Once the line containing "From 2004 to" appears, output it and each remaining line of the records below exactly, with no pictures and nothing more.

..........

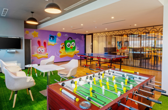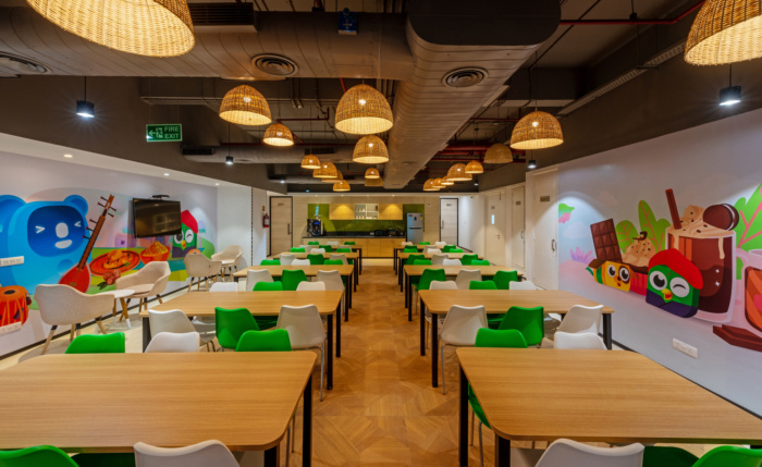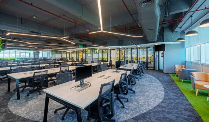 办公楼装修使用明亮的色彩和裸露的天花板 保持了更广阔的空间感
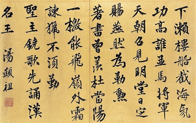 诗在光绪四年(1878)修的《定安县志·艺文志》中可找到,与徐朔方笺校的《汤显祖诗文集》中的同名诗有12个字不同(括号内为徐先生笺校本)。我认为这可能是从王弘诲处得到的最初稿,徐朔方笺校的稿是后来汤的修改稿。诗通过赞颂“五胜”之美,抒发了对海南虽孤悬海外,却聚集了天地间灵秀之气,英才辈出,表达了汤显祖对海南的向往和对王弘诲等的一片景仰之情。
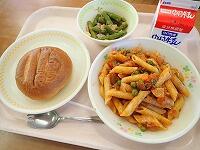 米粉パン 牛乳 ペンネボロネーゼ アスパラソテー
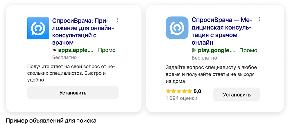 Поскольку цена за вопрос была низкой и привлекательной, мы указывали её. С CTA не экспериментировали и везде призывали устанавливать приложение.
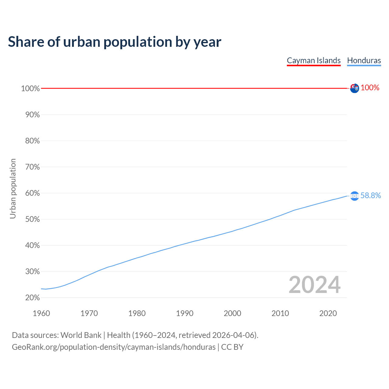 From 2004 to 2024, the share of urban population changed from 100% to 100% in the Cayman Islands and from 47.6% to 58.8% in Honduras.
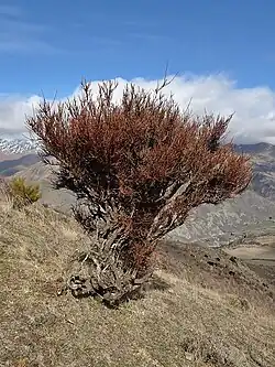 Carmichaelia petriei is endemic to New Zealand[6] and can be found in the South Island, as far north as the upper part of the Waitaki River Valley in Canterbury, as well as in the MacKenzie Basin, Otago and Southland including Stewart Island.[7]
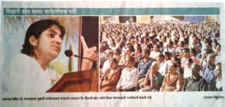 Sister Shivani addressing a huge gathering at Dr. Shyama Prasad Mukherjee Stadium in Panaji, Goa.

..........

# [Written answer]
 From 2004 to 2024, the share of urban population changed from 100% to 100% in the Cayman Islands and from 47.6% to 58.8% in Honduras.
 Carmichaelia petriei is endemic to New Zealand[6] and can be found in the South Island, as far north as the upper part of the Waitaki River Valley in Canterbury, as well as in the MacKenzie Basin, Otago and Southland including Stewart Island.[7]
 Sister Shivani addressing a huge gathering at Dr. Shyama Prasad Mukherjee Stadium in Panaji, Goa.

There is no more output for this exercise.